Press Release
Retired Nurse Recaps Burgess Progress
As Burgess Health Center employees celebrate National Hospital Week May 11-17 with special events and luncheons, they will miss the presence of a long-time healthcare professional.
Barb Dahl retired last December after 44 years of dedicated service to Burgess and another 15 yeas at Onawa's earlier community hospital.
After she graduated from Whiting High School, Dahl earned her nursing diploma from Vanderbilt University in 1948. Back then, she says, nurses were known as "the three S’s – Slaves, Servants and Saints. They wore white stockings, white "nurses" shoes and caps.
When Dahl started work at Onawa's first hospital in 1948 she earned a whopping $1 an hour.
During National Hospital Week, no one can verify the advancements of health care in Onawa better than Dahl. When she started at Burgess in 1963, x-ray machines were the norm for imaging. Today Burgess has a 16-slice CT scanner, 4D ultrasound, mobile PET/CT and MRI scanners and the newest in breast cancer screening digital mammography.
Today, Burgess also offers sophisticated lab equipment, phone paging systems and flat screen TVs in every patient room luxuries people could only dream about decades ago.
In Dahl's early days at Burgess Dr. John Garred, Sr. used to operate on abdomens through open incisions. Today he and Dr. John Garred, Jr. depend primarily on laparoscopic technology for abdominal surgery.
Back then there was a handful of physicians. Today there are some 50 physicians representing 20 specialties on the medical staff of Burgess. Dahl also watched the hospital expand several times.
"I enjoyed every minute of my career as a nurse and working at Burgess for the past 44 years," Dahl says. "Over the years I've seen many changes and advancements at Burgess, in nursing and medicine.

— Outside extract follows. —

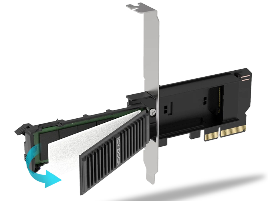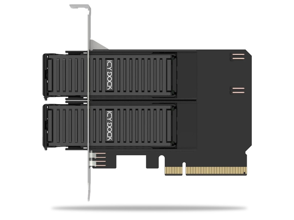 ICY DOCK、ヒートシンク付きM.2 SSD×2をリムーバブルドライブ化できる拡張カード

"Today patients received better care with all the technology," she adds. "I think our hospital is so grand now you would think it's sitting in a major city. Isn't it wonderful that people can receive the same care here as in the larger metro areas?"
And the advancements have paid off, Dahl says. "People are living longer and healthier today, and while they're living, they're enjoying a better life because they are healthier."
Dahl also appreciated Burgess' intense focus on customer service before she retired.
"I hear good reports about the hospital," she says. "I also think it's wonderful that they go out and teach about diabetes, and get patients involved in educating others.
Over the years Dahl also used her nursing skills in traveling to Africa on medical missions.
"I helped in surgeries, and set up clinics in the bush. We did everything."
Why did she work so many years?
"I was blessed with good health and lots of energy," says the Burgess retiree. "After my husband died I continued to work because I enjoyed it. I loved being a nurse."